The re-derive is the part that makes this honest, and it is your action, not the script's. The block below is a skeleton you re-run per attempt, not a one-shot you launch once: a ## Dependencies block names concrete child numbers and phase topology, so when the recheck fires (a racer added/closed a child between your reads) you must regenerate /tmp/plan-epic-<EPIC>-deps.md — and on a re-plan /tmp/plan-epic-<EPIC>-plan.md — against the freshly-read body (re-run Step 2's split + Step 5's section derivation) before you re-enter the loop. The script cannot do this for you inside one bash invocation; it can only refuse to proceed until you have. So the recheck branch stamps the fresh base and breaks out (it does not silently continue onto a stale deps.md), and a guard at the top of each attempt aborts loudly if deps.md was not regenerated since the base it splices onto was read — turning the "re-derive" from a comment you might skip into a precondition the script enforces.

# /tmp/plan-epic-<EPIC>-deps.md = the new `## Dependencies` block.
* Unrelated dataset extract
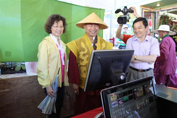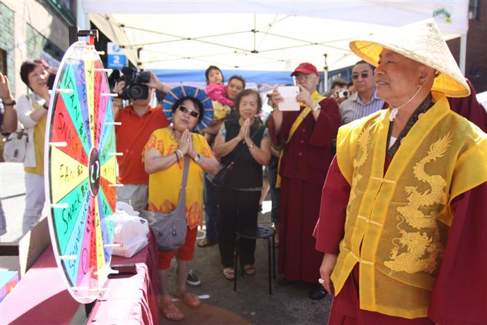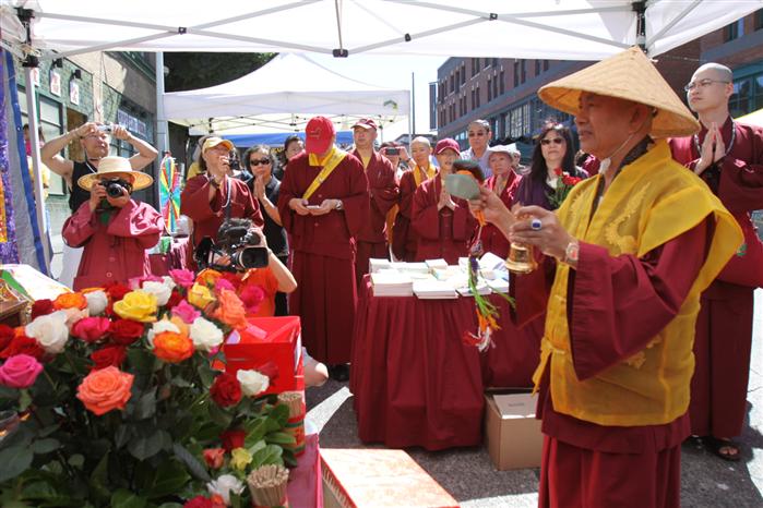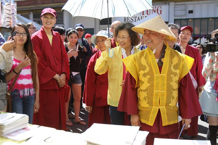 上午11時正,蓮生活佛 盧勝彥法王及蓮香師母抵達位於中國城的活動會場,在場的同門熱烈歡迎蓮生法王的到來。法王於雷藏寺的攤位上給予加持,並與同門義工合影留念,爾後與弟子們一同參與海洋節的慶典活動。

On a RE-PLAN, also
#   /tmp/plan-epic-<EPIC>-plan.md = the new `## Plan (plan-epic)` block (set REPLAN=1).
#   Give each block a trailing blank line so the next spliced heading stays separated.
# Landing is confirmed against the WHOLE `## Dependencies` block round-tripping byte-for-byte,
# NOT a single line: two concurrent runs on the SAME epic likely both emit a given `- #<child>`
# line (they share children), so a lone matching line can't tell our section from a racer's
# clobber (see step 6). deps.md is re-derived by YOU between attempts (the recheck breaks out and
# hands back; step 2) — the freshness guard (step 2.5) enforces it was, so each pass splices a block
# derived against the body it's splicing onto, never a stale one.
# A first-time plan has NO `## Dependencies` heading yet (Step 2 doesn't write one) — that case
# APPENDS the block to EOF; a re-plan has exactly one and SPLICES it in place. Zero headings on a
# re-plan, or more than one ever, is corruption: abort loudly (step 4).
#
# This block is a SKELETON you re-run per attempt, not a one-shot. When the recheck (step 2) fires
# it stamps the fresh base, BREAKS, and hands back to you to re-derive `deps.md` (+ `plan.md` on a
# re-plan) against `/tmp/plan-epic-<EPIC>-current.md` — then you re-invoke the block. The freshness
# guard (step 2.5) refuses to splice a `deps.md` older than the base it would splice onto, so a
# stale block can never re-clobber a racer's legitimate topology.
# Per attempt: re-read → recheck (verify unchanged) → freshness guard → anchor guard → splice/append → PATCH
# → re-verify our block landed. `landed=1` only after a pass confirms the round-trip; `patched=1`
# records that a PATCH was actually issued (so the terminal verdict can tell "raced every time,
# never wrote" from "wrote and lost"). The terminal check after the loop turns an
# exhausted-or-aborted run into a hard STOP rather than ambiguous output.
landed=0; patched=0
for attempt in 1 2 3; do
  # 1. re-read the LIVE body + its revision marker from ONE GET (coherent — no TOCTOU skew)
  gh api repos/$REPO/issues/<EPIC> --jq '{body,updated_at}' > /tmp/plan-epic-<EPIC>-live.json
  jq -r '.body'       /tmp/plan-epic-<EPIC>-live.json > /tmp/plan-epic-<EPIC>-live.md
  NOW=$(jq -r '.updated_at' /tmp/plan-epic-<EPIC>-live.json)
  WAS=$(cat /tmp/plan-epic-<EPIC>-updated-at.txt)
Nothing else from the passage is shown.